São clássicos, foram escolhidos por Ricardo Araújo Pereira e são os livros mais bonitos que andam pelas livrarias nestes dias. A colecção de literatura humorística da Tinta da China acaba de inaugurar e traz Charles Dickens e Denis Diderot como primeiro avanço.
A aposta pode parecer arriscada, num tempo de enxurrada de “novos autores”, mas clássicos são clássicos, e embrulhados num invólucro como este são clássicos que apetece ter na estante para reler enquanto os anos passam. A ideia de criar uma colecção de literatura humorística partiu da editora da Tinta da China, Bárbara Bulhosa, inspirada pela boa recepção que a colecção de viagens, coordenada por Carlos Vaz Marques, tem conseguido. Sabendo que Ricardo Araújo Pereira é um conhecedor dos clássicos do humor, a editora desafiou-o a escolher autores e títulos, coordenando um projecto que começa com Dickens e que ninguém sabe onde irá acabar.
Inaugurando com Os Cadernos de Pickwick, de Charles Dickens, fica garantido o tom do projecto, marcado pelo humor que apela à inteligência. E o autor inglês é um bom exemplo, com a linguagem a assumir um papel essencial na definição do cómico, algo que só uma tradução com o rigor da de Margarida Vale de Gato poderia garantir.

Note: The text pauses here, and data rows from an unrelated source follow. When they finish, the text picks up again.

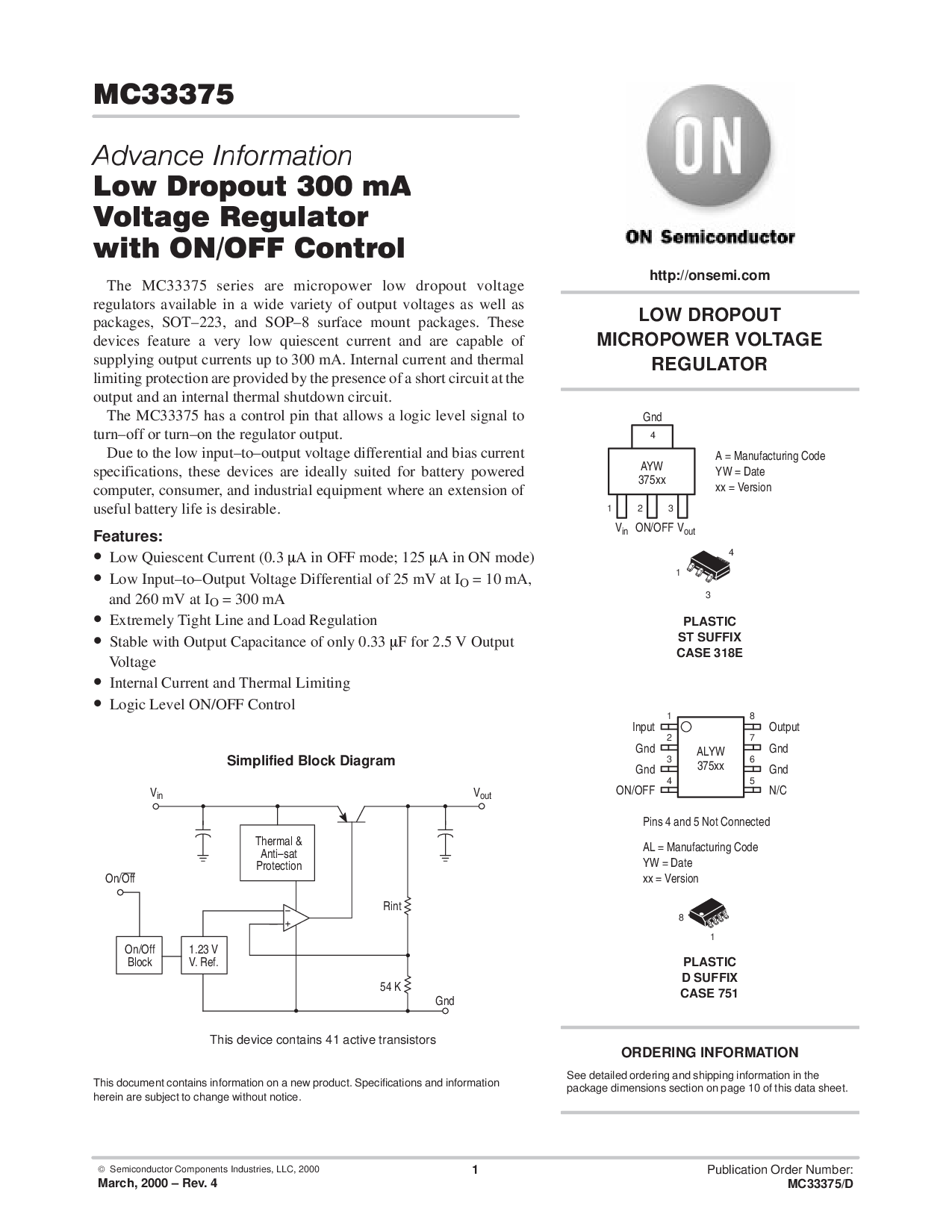 这 mc33375 系列 是 微功率 低 辍学 电压
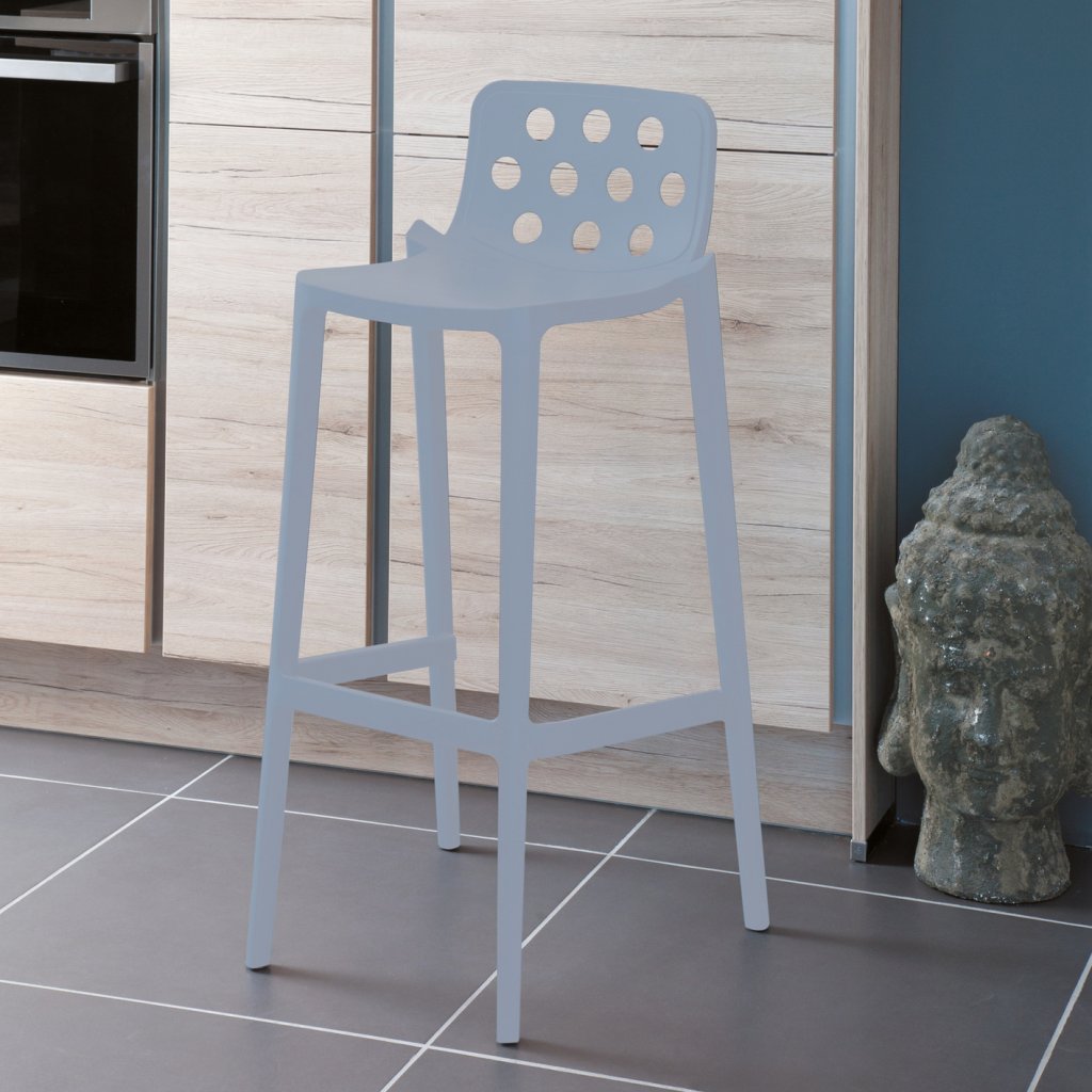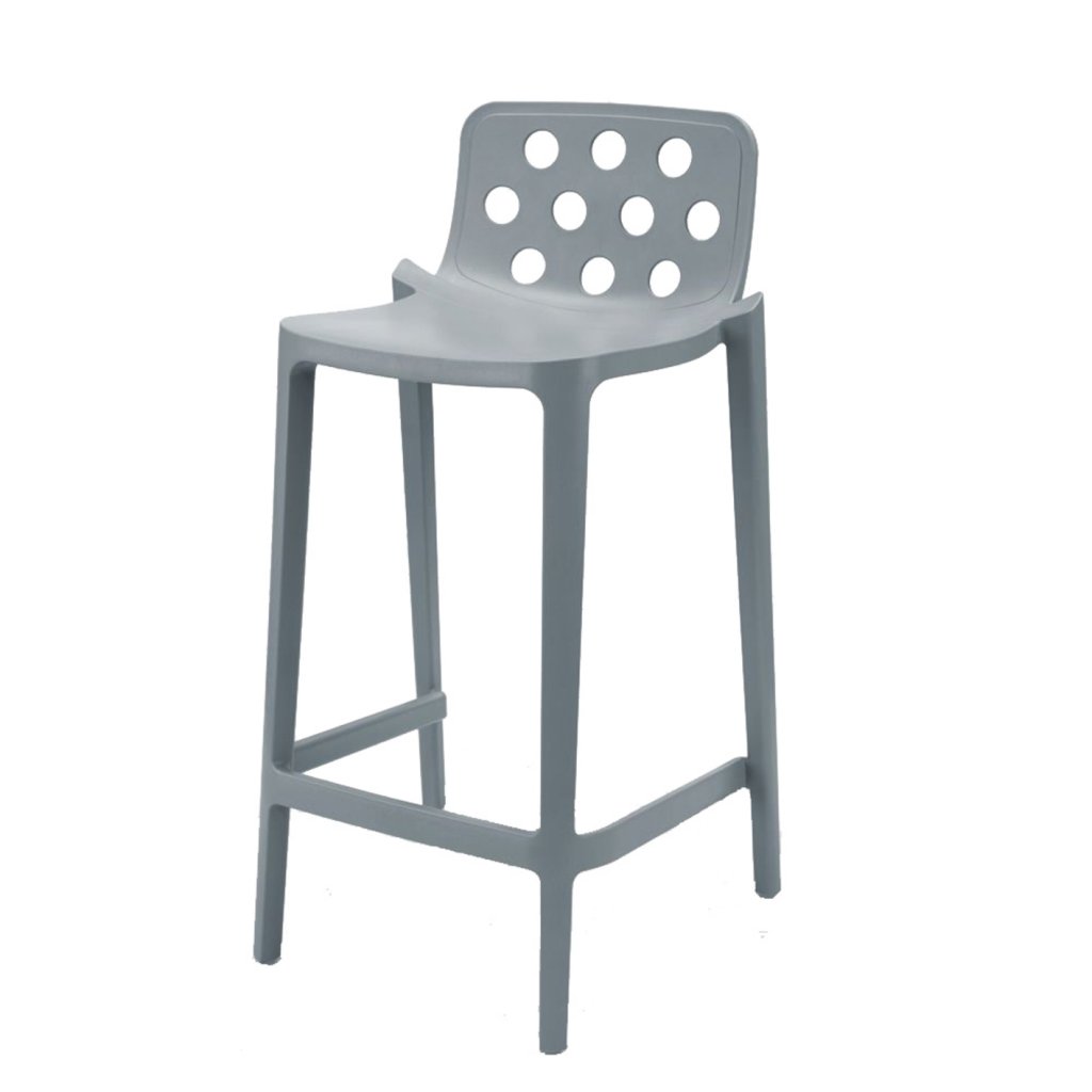 Tabouret bas H.66 ADELE - Entièrement moulé en polymère gris perle
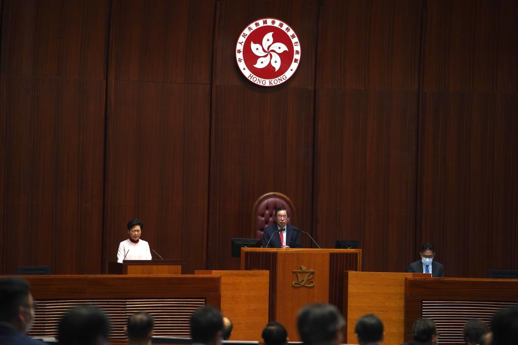 香港特區行政長(cháng)官林鄭月娥6日上午11時(shí)在特區立法會(huì )發(fā)表她任期內的第五份施政報告。新華社記者 呂小煒 攝
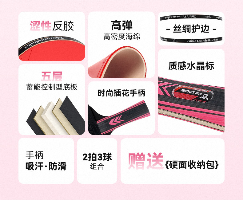 Ракетка для настольного тенниса Bolitong, двойная ракетка для начинающих, детей и взрослых, профессиональный тренировочный комплект
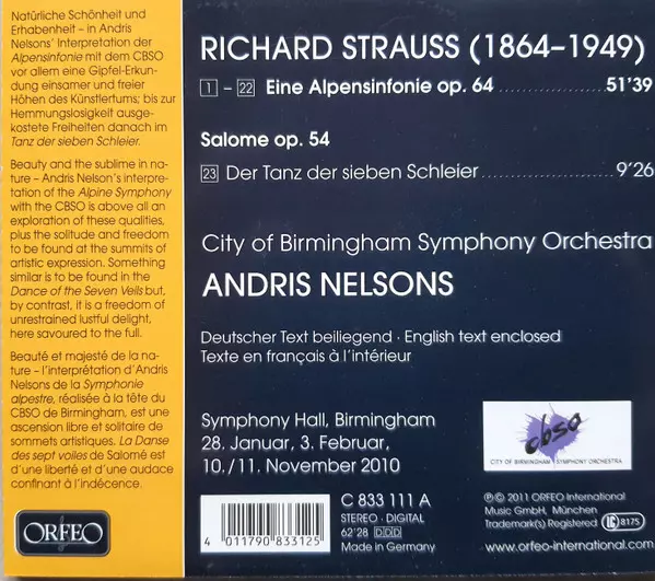 | Artiste | Richard Strauss | Andris Nelsons | City Of Birmingham Symphony Orchestra |
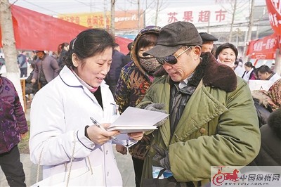 1月10日,徐州市邳州新河鎮(zhèn)中心廣場(chǎng)上人聲鼎沸、熱鬧非凡。市衛(wèi)生計(jì)生委率市第一人民醫(yī)院醫(yī)療專(zhuān)家在此舉行“三下鄉(xiāng)”義診活動(dòng)。每位專(zhuān)家的席位前都圍得水泄不通。“能把大專(zhuān)家請(qǐng)到家門(mén)口,可不能錯(cuò)過(guò)這難得的機(jī)會(huì)。”盡管天氣寒冷,場(chǎng)地有限,但是群眾的熱情很高。
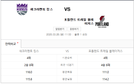 이번 경기는 매우 치열할 것으로 예상됩니다. 두 팀 모두 최근 좋은 성적을 거두고 있으며, 특히 포틀랜드 트레일 블레이저스는 최근 5경기에서 4승 1패를 기록하고 있습니다. 따라서, 포틀랜드가 이길 것이라고 예상됩니다. 하지만, 새크라멘토 킹스의 홈경기라는 점에서 변수가 있을 수 있습니다.
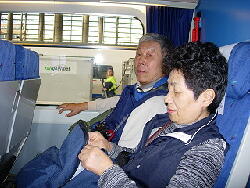 AVEの前で記念写真をパチリ ビュッフェに入り浸りのお二人さん リラックススタイルの車内
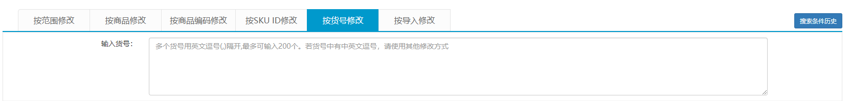 有使用erp,经常使用货号来搜索商品,这个功能就满足需求,系统只会搜索并修改输入的这些货号的商品。

Para assegurar que as investigações dos membros do Clube de Pickwick em torno dos costumes londrinos teriam o mesmo efeito cómico em português, foi preciso ponderar, como diz a tradutora na nota inicial do livro: “se a solução mais imediata que ocorre é uma troca de /v/ por /b/, esta acaba também por ser logo descartada, visto que é inimaginável um ‘pintas’ londrino falar ‘à Porto’.”
O segundo volume, já disponível, é Jacques, o Fatalista, de Denis Diderot, numa tradução de Pedro Tamen, prefaciada por Eduardo Prado Coelho. Enquanto divaga, a pedido do seu amo, sobre amores e desamores, Jacques vai entrecortando a narrativa com a aparição de uma série de personagens e episódios caricatos. E do acto de dialogar surgirão as situações cómicas que justificam a escolha de Diderot para o segundo volume. Para o ano, chegará uma antologia de Robert Benchley, um dos escritores da New Yorker, e as incomparáveis Aventuras do Soldado Schweik, do checo Jaroslav Hasek.
O aspecto dos livros não podia ser mais adequado. Com capas duras e cartonadas e um grafismo exemplar, os volumes têm ainda a característica de não possuírem lombada, deixando à vista as costuras, como se tivéssemos nas mãos um velho alfarrábio. Bárbara Bulhosa justifica a opção: “Estes livros foram pensados para se diferenciarem, transmitindo uma imagem clássica e recuperando algumas linhas gráficas e materiais que distingam a colecção, e que a apresentem como um todo. É essa ideia de colecção, que se perdeu há uns anos, que queremos criar, um pouco à imagem do que já fizemos com a colecção de viagens.”
A decisão acertou na mouche, e mesmo que a escolha dos materiais encareça o produto final, a sua distinção, extensível ao conteúdo, compensa o investimento. No vídeo de apresentação, disponível no YouTube, Ricardo Araújo Pereira explica o pormenor da lombada de um modo ligeiramente diferente: “É um aspecto gráfico que é também um manifesto: quer dizer que a comédia é o género mais humano, e por isso faz sentido que o livro apareça com as tripas de fora.” E depois de uma pausa, assume: “Eu acabei de inventar isto. Não foi nada disto que presidiu... nós queríamos que ficasse bonitinho, e foi por isso que fizemos assim. Mas era muito giro que tivesse sido por causa daquilo das tripas.” Mais do que giro, teria todo o sentido.
A colecção é apresentada este sábado, às 17.00, na Fnac Colombo, com a presença de Ricardo Araújo Pereira, Pedro Tamen e Margarida Vale de Gato.